* **EXERCISE**
Could you repeat the listing below exactly while leaving its pictures behind?

* **PROVIDED DATA**
________________

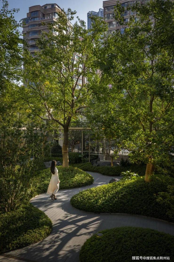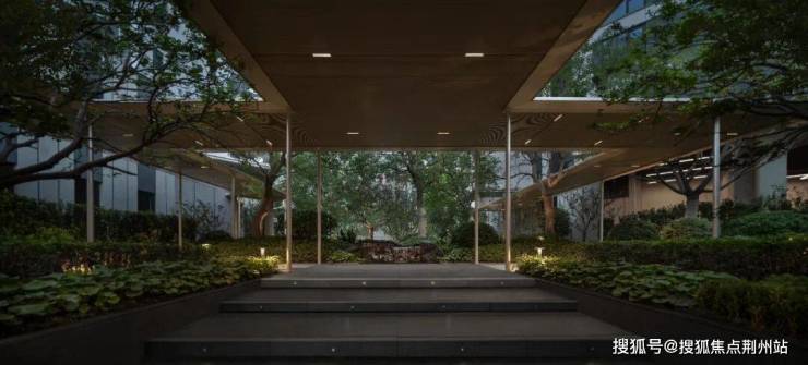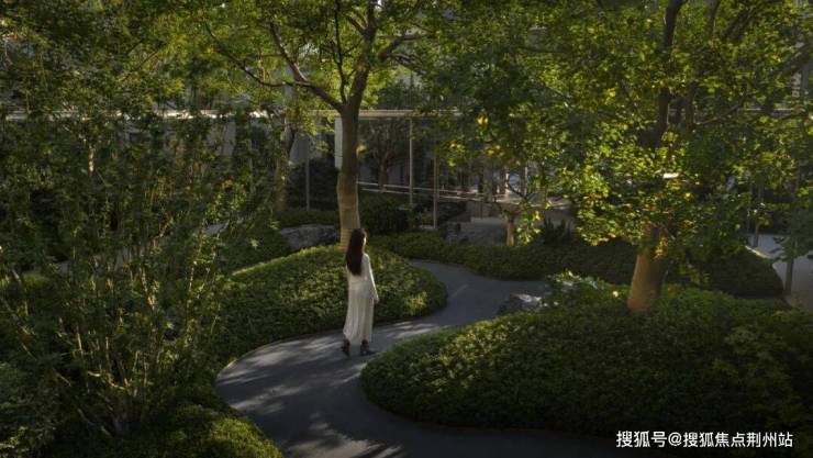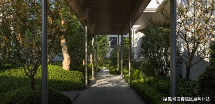 穿过门楼后,入口处以框景的形式再现森林画卷,曲廊串联起光影与绿意,让日常通行成为诗意穿行,雨天不湿鞋,晴日纳微风,晴雨皆从容。香槟金色廊身彰显空间轻奢感,细结构廊柱给予空间渗透,亦延续林境氛围,人行其间,一步一景,归家之路由此开启一场与自然的对话,曲径通幽处,绿意层层叠入,营造静谧归家仪式。
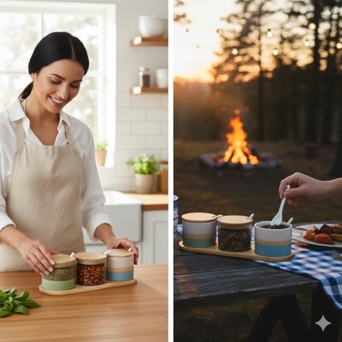 • أغطية محكمة الغلق تحافظ على التوابل طازجة ولذيذة.
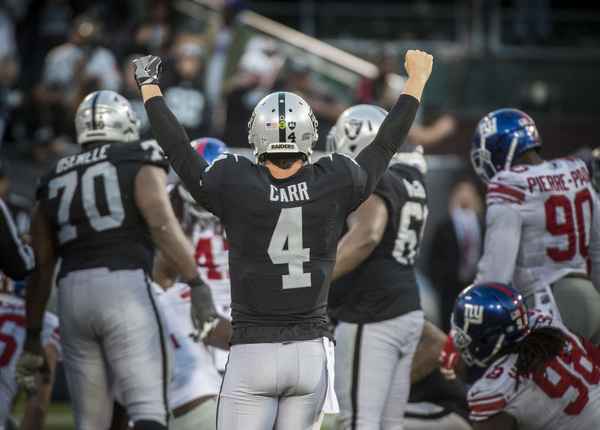 Carr was in danger of not throwing a touchdown in a game he played for the first time since Dec. 8, 2016 against the Chiefs. Right on cue, he found Johnny Holton from nine yards out with less than four minutes left to stretch the Raiders' lead back to 10.

________________

* **OUTPUT OF THE TASK**
 穿过门楼后,入口处以框景的形式再现森林画卷,曲廊串联起光影与绿意,让日常通行成为诗意穿行,雨天不湿鞋,晴日纳微风,晴雨皆从容。香槟金色廊身彰显空间轻奢感,细结构廊柱给予空间渗透,亦延续林境氛围,人行其间,一步一景,归家之路由此开启一场与自然的对话,曲径通幽处,绿意层层叠入,营造静谧归家仪式。
 • أغطية محكمة الغلق تحافظ على التوابل طازجة ولذيذة.
 Carr was in danger of not throwing a touchdown in a game he played for the first time since Dec. 8, 2016 against the Chiefs. Right on cue, he found Johnny Holton from nine yards out with less than four minutes left to stretch the Raiders' lead back to 10.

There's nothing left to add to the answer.